In just the past few weeks more than half a dozen major industry analysts have come out with “state of” or “future of” banking reports—and not surprisingly, all of them say new technology is and will be crucial to banking.
Most call for fundamental shifts of strategy, if not outright copycatting models already demonstrated successfully in other industries. Amazon, Google, and Uber mentions pop up repeatedly. Interestingly, though, most of the reports are fairly optimistic, in terms of the survival of banking in the new techno-world.
None, however, say it will be easy.
Without further ado, here are excerpts from the various reports:
“Think of the enormous amounts of data created through Facebook likes and Amazon product reviews. In this emerging consumer-to-business era, in which consumers are creating value (for example, by writing product reviews) that businesses can then exploit, companies need to share that value…
“As the world evolves more toward C2B relationships, the major C2B players—including Google, Apple, Facebook, and Amazon—have been increasingly encroaching on the territory of traditional banks…
“The bottom line is that banks must now think in new and innovative ways, or risk becoming a mere back-office utility. Indeed, we estimate that, by 2020, different business models could impact up to 80% of existing banking revenues. Revenue streams with a high degree of impact could include current accounts, consumer finance, cash management, and small- and medium-enterprise payments.

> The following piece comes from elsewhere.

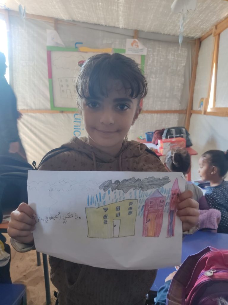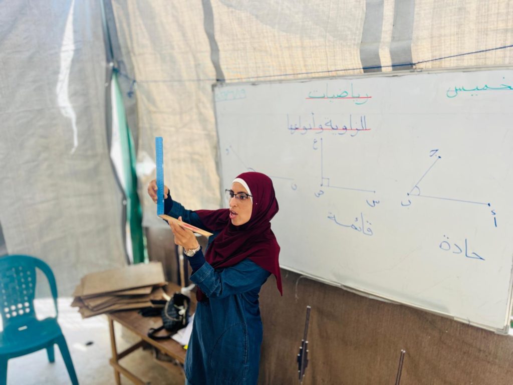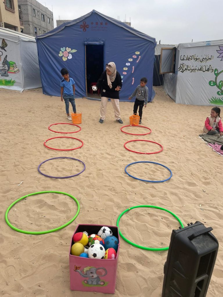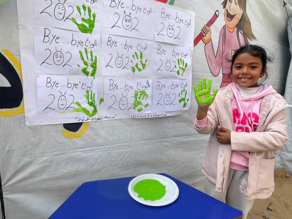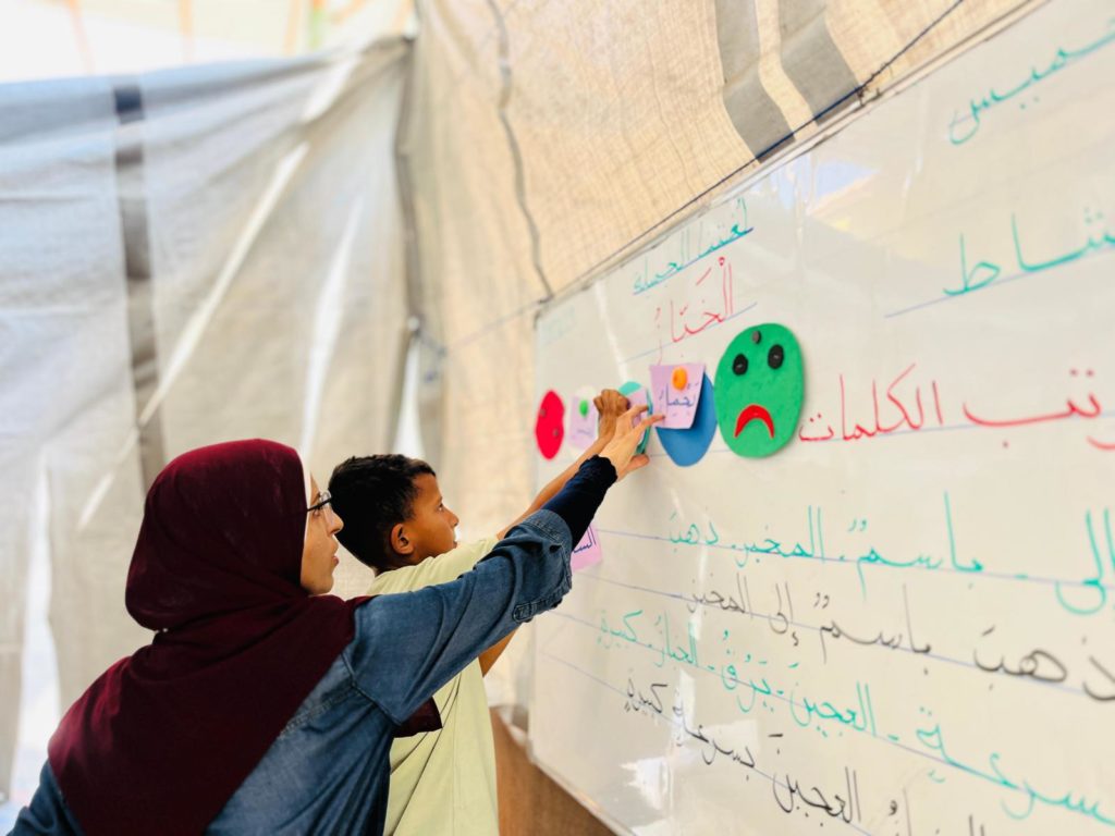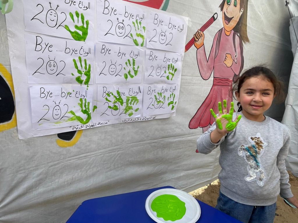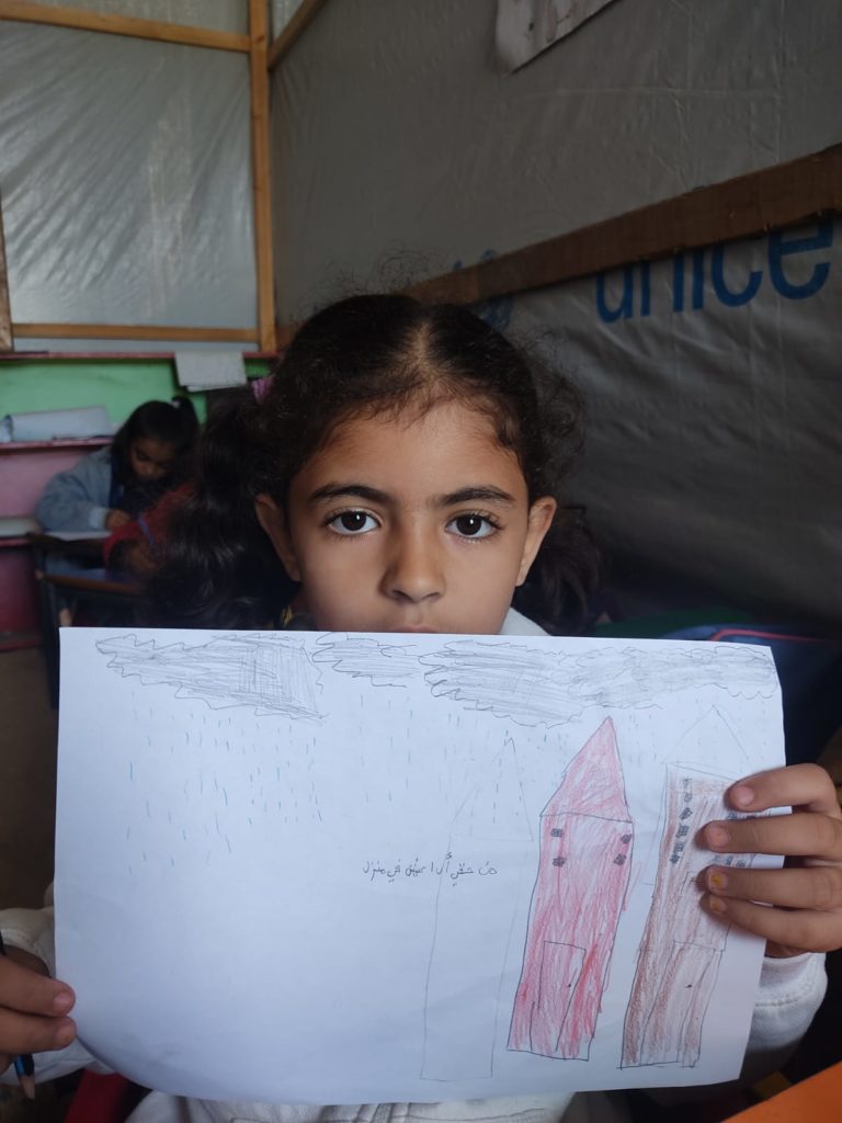 The Modern Childhood School is PfP’s second school in Gaza, serving approximately 400 students from pre-K to 5th grade. This was a fully operational school prior to the genocide, but was destroyed by Israeli bombing. The principal, Gehan, along with existing teachers at the school and with funding from PfP, re-established the school in Deir el Balah.
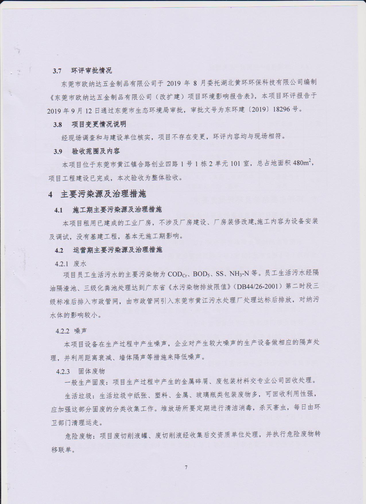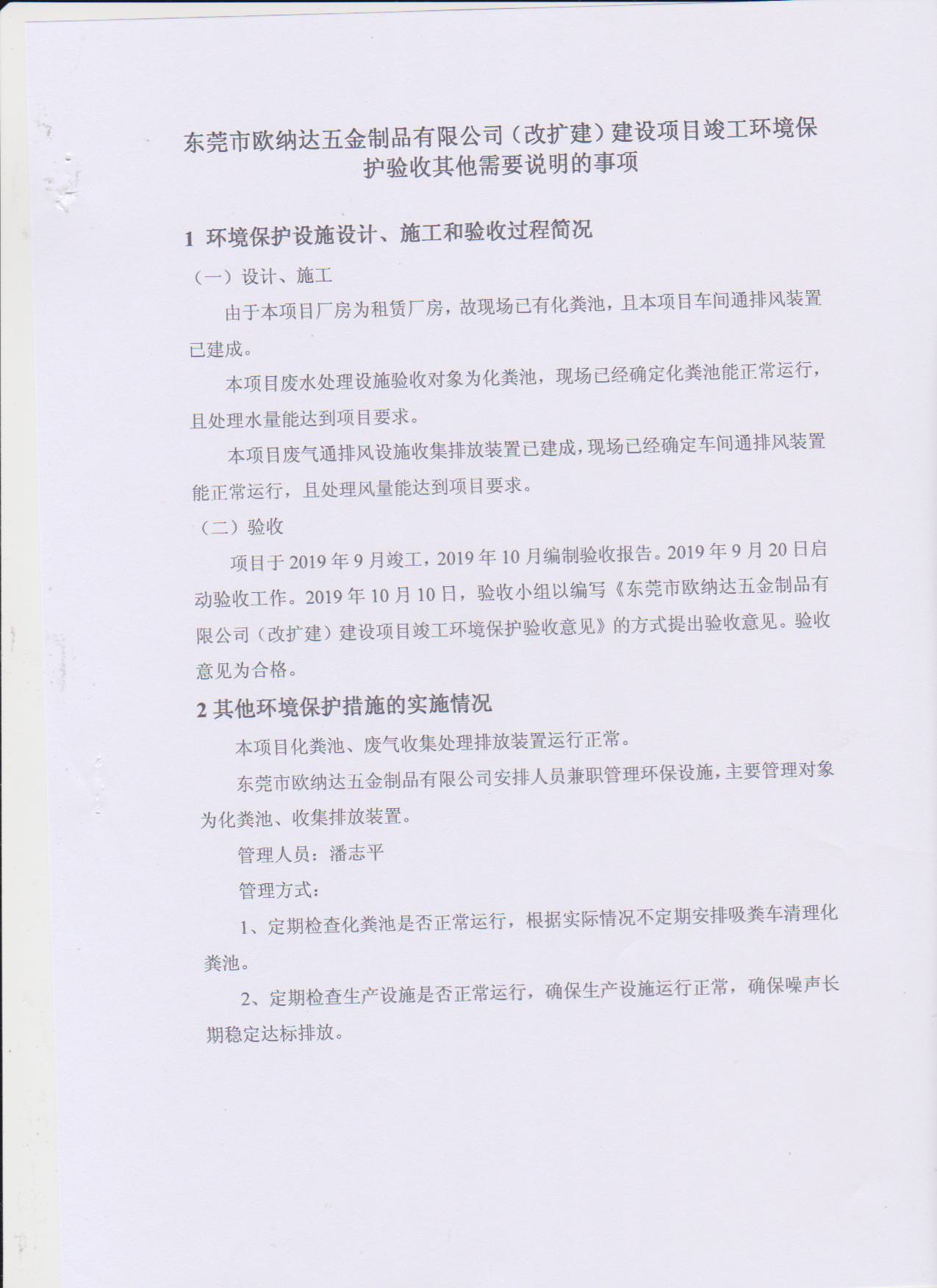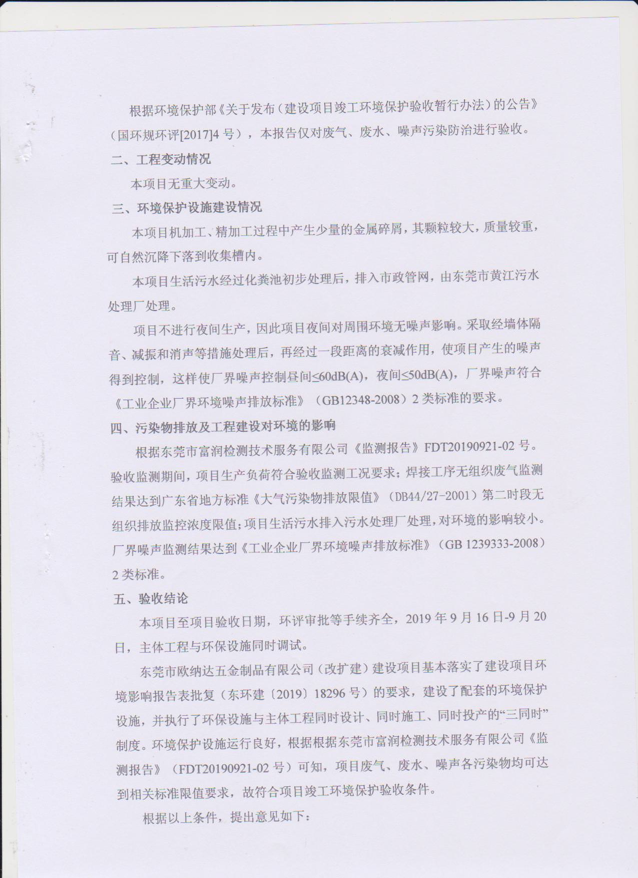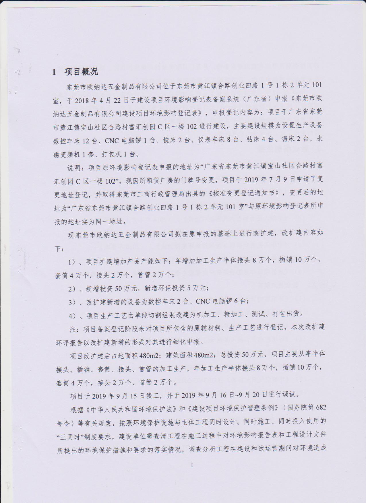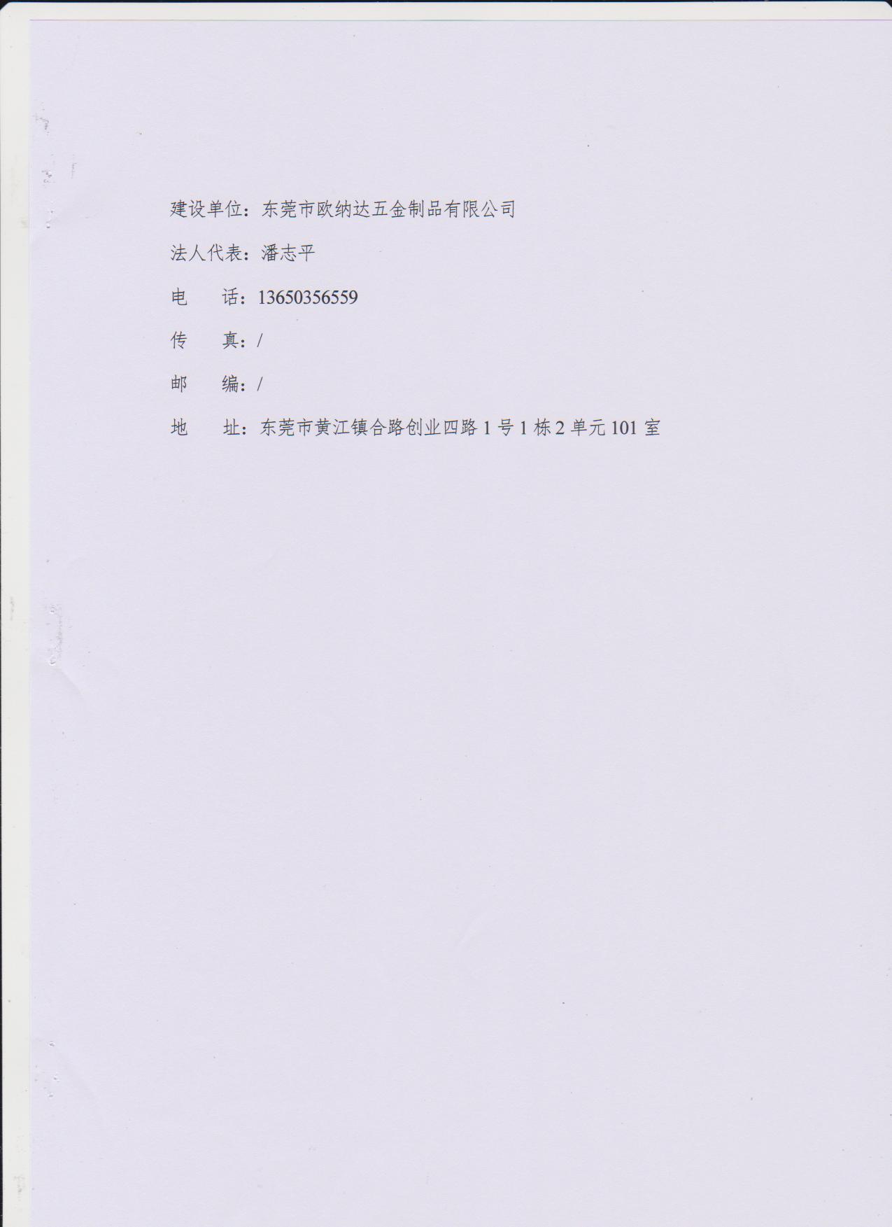 经验收现形成东莞市欧纳达五金制品有限公司建设项目竣工环境保护验收报告”现公开征求意见20个工作日,如有意见请反馈。 联系人:李聪,联系电话:18814145807,公示日期:2019年11月4日

“As such, the challenge for banks is to figure out how best to deploy their strengths in the new C2B era.”
Boston Consulting Group
“Disruptive challenges are accelerating and will force banks to develop digital capabilities that radically simplify operations and reinvent customer service…
“Banks that develop digital and data capabilities to radically simplify their businesses while dramatically improving customer experience through greater efficiency, quality, and speed, can achieve 50% more revenue per customer than peers…
“The leading banks are boosting investment in digital innovation to differentiate themselves in the eyes of digitally demanding customers. Banks continue to encourage customers to migrate to self-service, both online and on mobile.”
“For many banks, online banking utilization is below expectation. By comparison, more institutions say mobile banking utilization is at least somewhat exceeding their goals. To get there, a growing number of institutions are using branch channel staff to spur digital channel usage…
“For years, most financial institutions embraced a transaction migration strategic intent for the digital channels. Digital was about migrating transactions to self-service, thereby lowering cost-to-serve and improving customer experience. In the broader retailing context, banks have been an anomaly. Almost universally, retailers have embraced digital channels as a mechanism to grow sales revenue. Financial institutions are now coming to that position. Collectively, their lack of experience with omnichannel customer engagement is apparent in the small impact digital has thus far had on sales—particularly the mobile channel.”
“By 2025, leading banks will be operating as digital financial superstores that blur the line between technology companies and banks…
“Nonbanks will cede clients and share of wallet to the banks, and clients will rediscover the benefits of one-stop shopping with large banks.
“These benefits will not be just marketing hyperbole, but real advisory-driven insights to help clients by better leveraging technology and data.
“Many major fintech and nonbank providers will be acquired by banks in the coming years, further enhancing and accelerating banks’ technology prowess.
“Regional banks will struggle to keep up with mounting costs of IT investments for client benefit instead of regulatory/risk mitigation, while small and community banks attempt to leverage white-labeled technology from third-party providers to maintain their own value propositions.”
“Half of the U.S. adult population now banks using smartphones and tablets, which is 29 million more than last year. This dramatic shift in consumers’ channel preferences puts pressure on financial institutions to innovate in the space to meet increased demand for mobile functionality…
“This year’s scorecard also saw a dramatic jump in financial institution support for mobile banking enrollment through a mobile device. It jumped from 7% in 2014 to 30% in 2015 among the top 30 retail U.S. financial institutions. With more than two-thirds of top banks still requiring some online interaction to enable mobile banking, there is still a significant gap between supply and mobile-first customer demand.”
“Banks realize they must adopt a truly digital mindset across the entire organization to keep up with consumer expectations,” said Brian Stephens, national leader for KPMG’s U.S. Financial Services practice. “This means going far beyond digital capabilities on the front end and instilling a core focus on the customer that permeates every aspect of the organization.”
“Thirty-nine percent of the executives polled said they believe fintechs pose a significant threat to the industry over the next few years. However, 51% of those polled said their bank has already created an alliance or joint venture with a peer-to-peer or marketplace leader.”
Adobe Digital Index
“Banks in the United States are behind other countries in the adoption of mobile technology to enhance the customer experience.
“In fact, when comparing the U.S., Canada, Australia, and the United Kingdom, Australia leads the pack. Consumers visited retail banks via their mobile devices just 27 times on average in the U.S. in 2015. That number is more than double for Canada, the U.K., and Australia.”
End note: Seems it is time to get those pesky bank customers to pick up their phones and log-on now!